Monday, June 24, 2013

White Weddings and Fairy Tale Adaptations

It's been longer than usual. And because apologizing would be useless (let's be honest, Tracy, who reads this silly little blog?), I won't do it. But I will offer some explanation:

Though I quit my dead-end black hole of a retail job, all of my newly "free" time got lost in a tornado of picturebooks, nineteenth century novels, the Bible, soul-searching, and self-loathing. What's a girl to do? Nothing. And that's what I did. Though I somehow managed to complete the semester, a paralysis of the creative juices and of the positive energies took me over. It was not happy times. Worry, hand-in-hand with loneliness, is consumptive.

I haven't entirely snapped out of it, but I have enough to want to share with you some of the things I've been reading of late (we're talking since March, give or take).

Many moons ago, I read a (huge) excerpt of Chrys Ingraham's White Weddings: Romanticizing Heterosexuality in Popular Culture for an undergraduate class at Pitt. I decided to take up the whole thing, and, though a tad dated (black and white pictures, analysis of 90s movies), it's wunderbar. It articulates so well how ingrained marriage (most specifically the marriage of white, heterosexual folks) is in our culture. Look for wedding references in (what Ingraham calls) the tertiary wedding market. It's kind of icky when you think about how many toothpaste, cellphone, and fast food commercials embrace the theme of wedding-as-backdrop or wedding-as-vehicle-for-consumption. America.

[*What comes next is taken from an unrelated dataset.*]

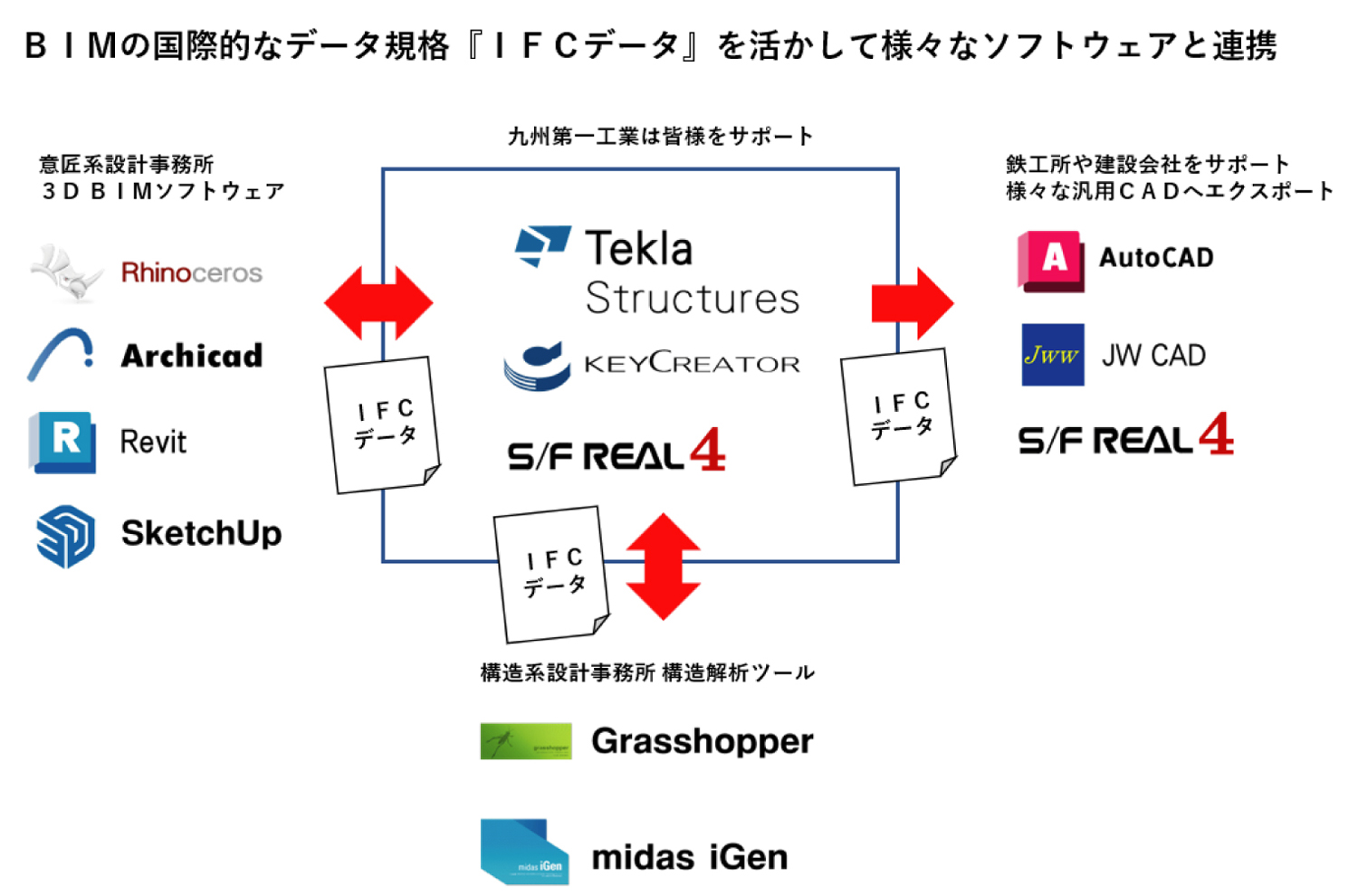 弊社では、BIMの使い方が物づくり目線と言う事で、メインとして「Tekla Structures(テクラ ソトラクチャー)」を使用していますが、 お客様とのデータのやり取りはBIMの国際的なデータ規格『IFCデータ』を使用しますので、様々なソフトウェア との連携が可能です。IFCデータに対応しているソフトウェアをお持ちであれば、ご対応可能です。

At a similar time, I had reread Gail Carson Levine's Ella Enchanted for a class project, and then went on to read Fairest. Certainly Ella has a marriage plot, but it's way more progressive than, let's say, any Disney movie ever. Anyway, Ella Enchanted stands out and alone. It is arguably my favorite book from childhood, and probably even adulthood. A remake of the Cinderella story, it is refreshingly girl-empowered. However, it does make some problematic stances on food and eating (but, so does The Hunger Games, eh?). In short: it's the best. The movie, on the other hand, truly repulsive. I've never been more disappointed.


Fairest
 is pretty decent, also. This one is a kind-of Snow White adaptation. It's nothing like Ella, because really, it couldn't be, but it takes place in the same world, and there are some tacky-yet-pleasureful allusions to Ella. Fairest is the first novel for girls that I recall having a big protagonist--big as in "tall and fat and decidedly the opposite of dainty." (Examples of other books that have fat or big girl protagonists are welcome.) And though the reader never really knows the extent of Aza's bigness or ugliness, she is certainly no standard beauty. Despite this, she gets to become a princess.

I dig it.

I wish she didn't have to be fat and ugly though. But, it's fine. At least she wasn't Cinderella perfect or even Jennifer Lawrence perfect. Oh, and she's adopted. This book seems to have all the things I craved in a novel when I was ten. Or eight. Or twenty-two.


Yet the cover for Fairest is really ridiculous. What's that about? Ugh.